I know that fall is a good time to plant grass seed. But it's been pretty cool at night lately and I'm wondering if it's too late to throw some seed down now. 

My next door neighbor just had a lot of trees removed from his woods and they cleared out the majority of the woods because it was mostly dead wood. They graded and smoothed it all out. The soil there is extremely rich and I'm sure grass will grow very well in there. But would it be a waste to throw some seed down now? Two years ago I planted some grass seed in mid October in my front yard and it did great. By Spring you could hardly tell that there had been a tree where I planted it. I just talked to Tractor Supply in Romeo and they have a 50 lb bag of seed for about $62 and I'm thinking about picking it up and giving it a try. I think it's worth a try as opposed to waiting until Spring. What do you think?

Thanks for any input.

John


----------



## jjc155

from working in the lawn/garden line for a while while in college we always recommended planting in early to mid september. days were warm enough and nights cool enough and the seed had enough time to germinate, root and grow alittle before it went dormant. 

I think that the sod farm that we used to get our pallets of sod from always seeded on like 9/20 of every year, based on 50 years of their experience.

J-


----------



## Nascar31Fan

From what I've read I think cold or frost will just slow the growth rate. I think we've got a great week of weather for planting grass seed, off and on rain for like 4 days! Should be perfect.


----------



## Fishcapades

Plant it! John you will be fine.... last year my father put down some seed in late october early november and he now has a beautiful lawn...

The rain this weekend will be perferct.

Carl


----------



## jpollman

Thanks guys. 

It's been planted! 

I went up to Tractor Supply in Romeo only to find that they were out of grass seed for the season. So on the way home I stopped at Rocks 'N Roots just a mile or so south of TSC and picked up a 50 lb bag. The guy there said that yes it is getting to be the tail end of the planting season but it is still fine to put down now. I've been hearing about several days of wet cool weather so I figured it would be ideal for planting grass seed. I got back and ran a landscape rake over a few areas that were a little rough and then spread the seed. It should start coming in pretty nice this spring I'm sure.

Take care

John


----------



## Fishndude

Now is a fine time to seed a lawn. Some of the seeds will sprout this Fall, and will be on their way to being a lawn by Spring. More seeds will sprout in Spring, and by June you should have nice grass. 

I put down Scotts Turf Builder with HALTS every Spring. It coats seeds, and keeps them from sprouting - designed to keep crabgrass and other annual weeds from growing. BUT, I am careful not to put HALTS down (because it has to be applied in Spring, the 3rd or 4th week of March to be effective) where I sowed grass the previous Spring - or it will keep any un-sprouted seeds from sprouting. Learned that the hard way.

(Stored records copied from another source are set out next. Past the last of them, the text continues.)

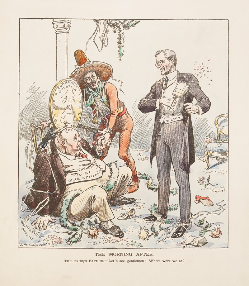 "The Morning After. The bride’s father – Let’s see, gentlemen; Where were we" is a painting by American artist Louis Glackens. Louis Glackens, born in 1866 and died in 1933, was an illustrator and painter known for his work in both fine art and commercial illustration. He was the brother of the more famous artist William Glackens, a member of the Ashcan School, but Louis carved out his own niche in the art world with his distinctive style and contributions.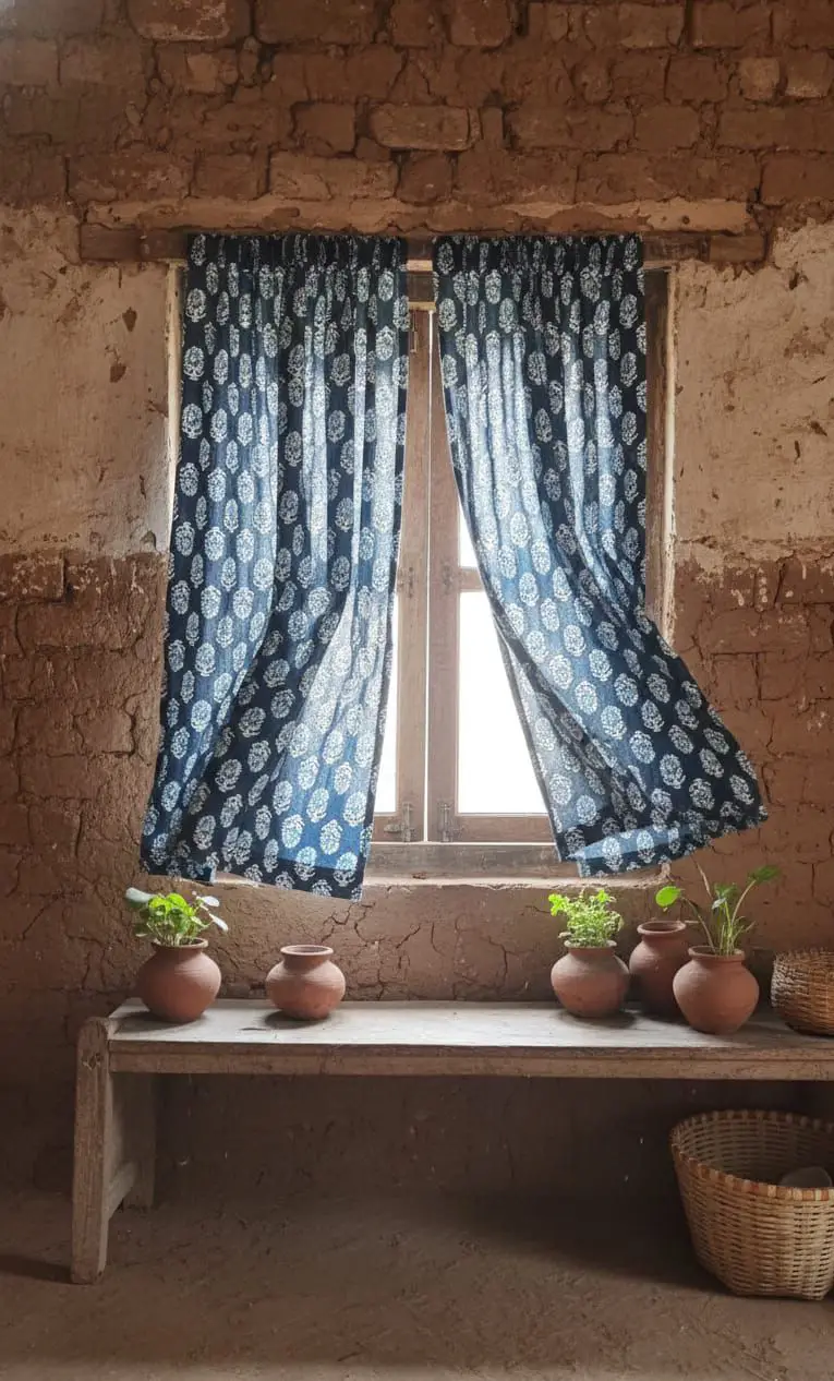 Crafted from lightweight, breathable cotton, the fabric gently filters sunlight to create a soft, airy glow while maintaining privacy. The timeless handblock pattern pairs beautifully with earthy interiors, wooden accents, and neutral palettes — perfect for creating a cozy, welcoming atmosphere.
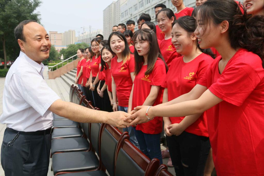 6月25日下午,学校在厚德楼第二会议室举行渭南师范学院2019年西部计划志愿者欢送座谈会,学校党委书记卓宇、校长赵曼欢送赴西藏、新疆和全省各地的39名志愿者并合影留念,党委副书记任健出席座谈会。团委副书记姚明亮主持欢送座谈会。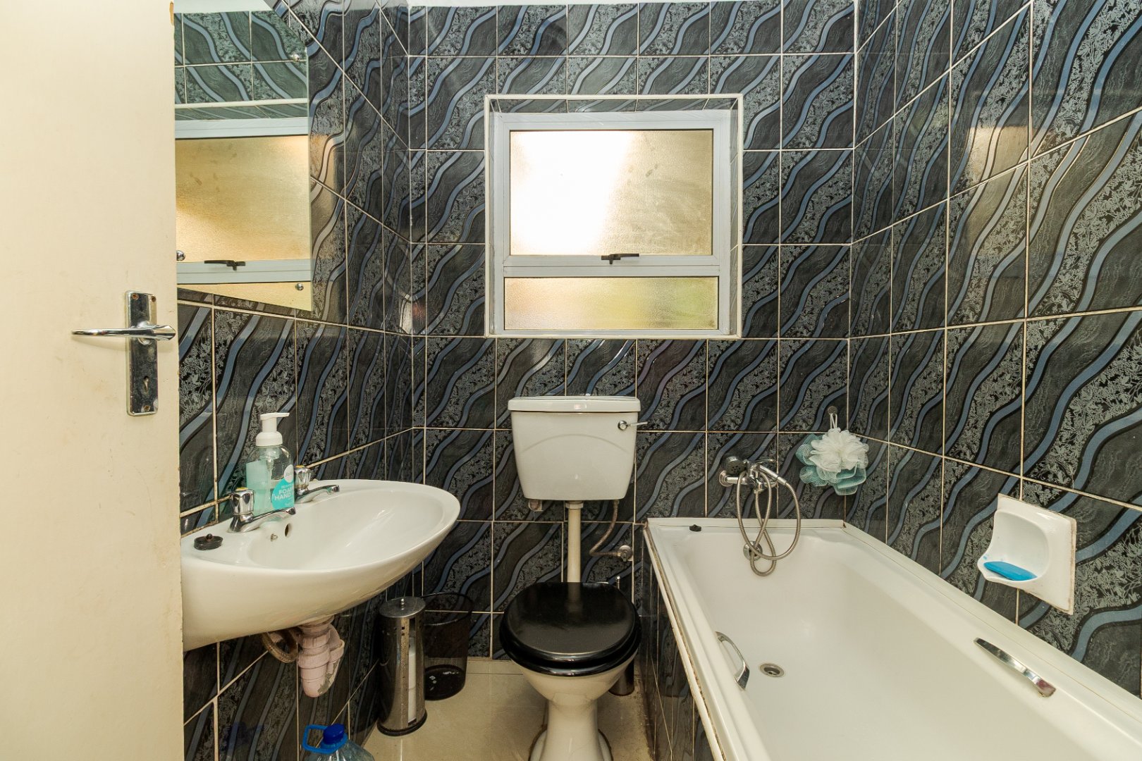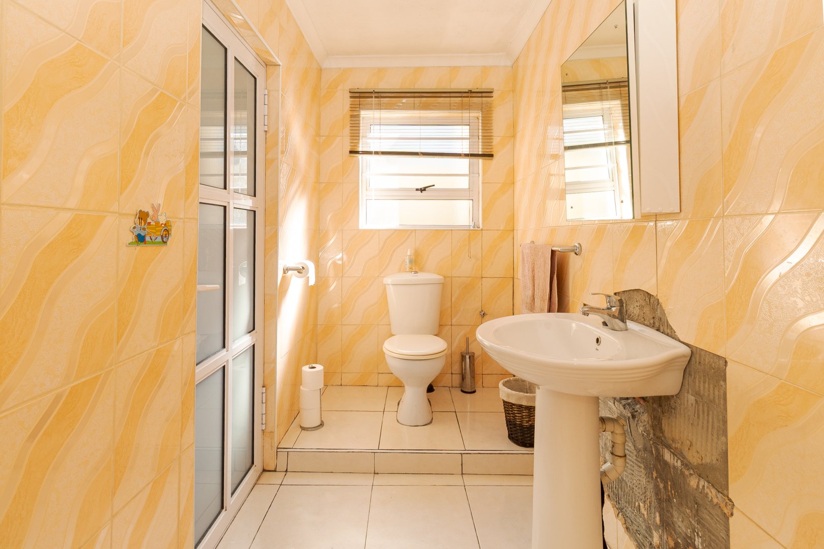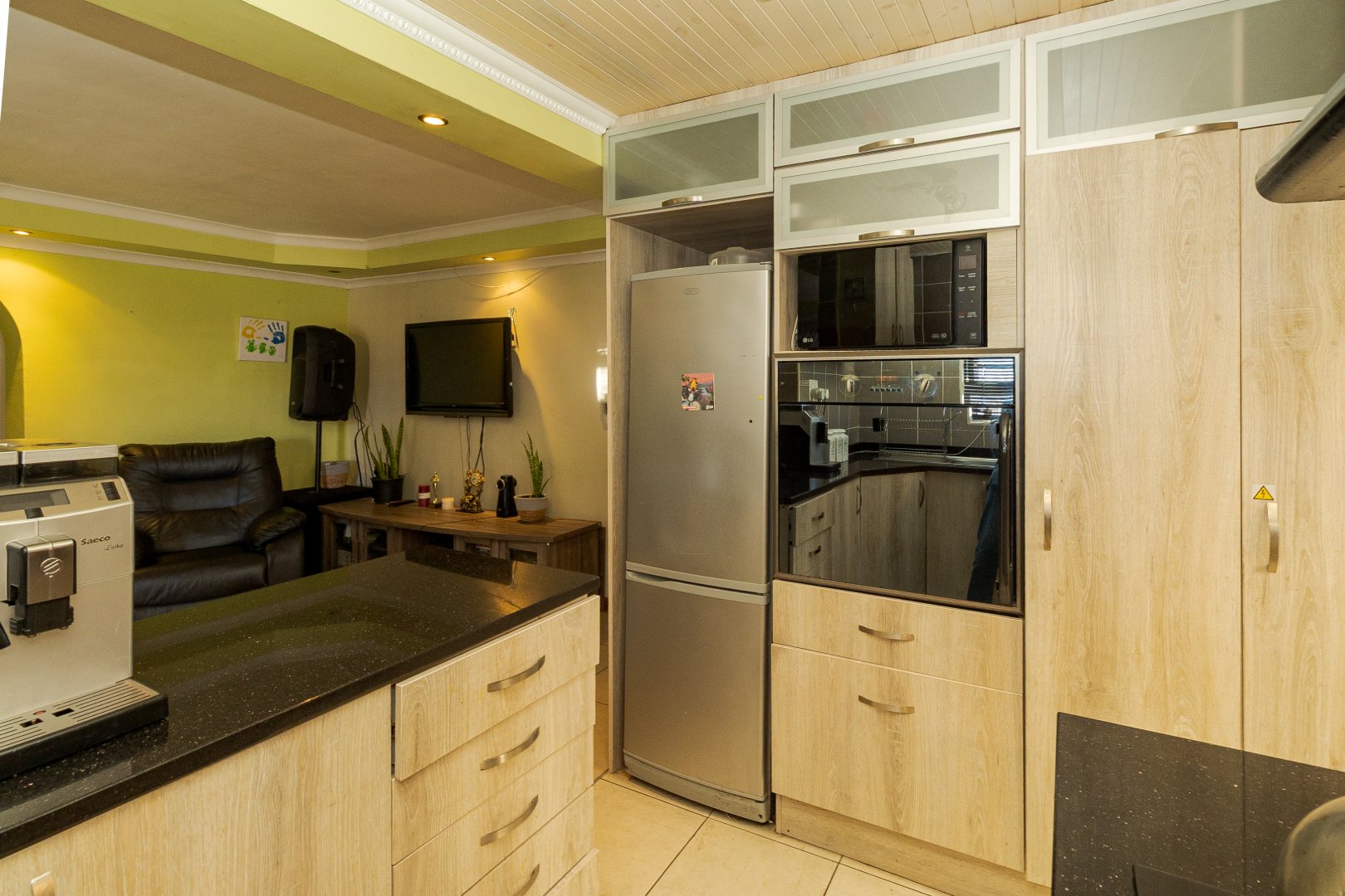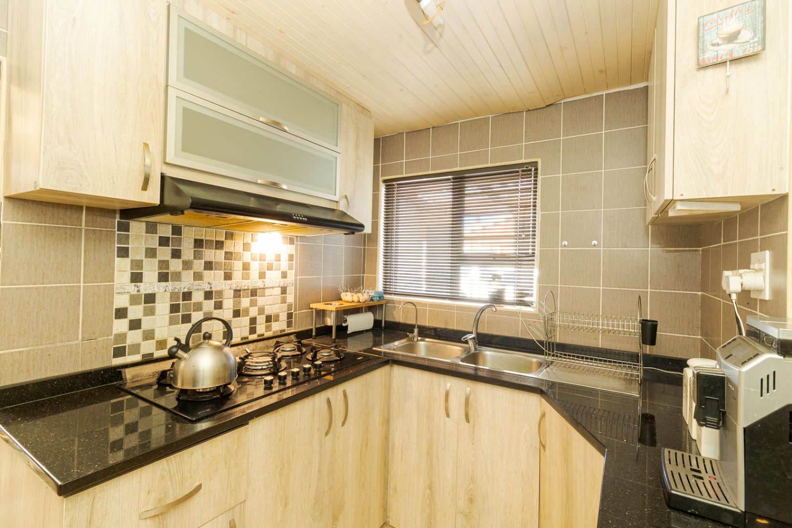 Upon entering, you are welcomed by a generously sized lounge, enhanced with sleek porcelain tiled flooring and modern downlighting, creating a warm and inviting atmosphere. The kitchen is well-equipped with ample built-in cupboards and a gas stove, ideal for both everyday cooking and entertaining.

After you seed, see if you can get some grass clippings or straw down to kind of cover the seeds. It helps keep them moist until they sprout, and helps insulate the young grass over the winter. Not 2" of clippings, but enough to lightly cover the ground about .25 inch thick. Also, put down an application of fertilizer. Don't bother with expensive stuff - get the generic 10/10/10 formula from Home Depot. I always give my lawn a nice shot right around Halloween, and when it warms up in Spring, my grass just shoots right up, and is thick and green from about late April til snow covers it. I do a couple more applications througout the growing season - with generic 10/10/10. Cheap, easy, and effective. But I get Scotts with HALTS for that first application in Spring.


----------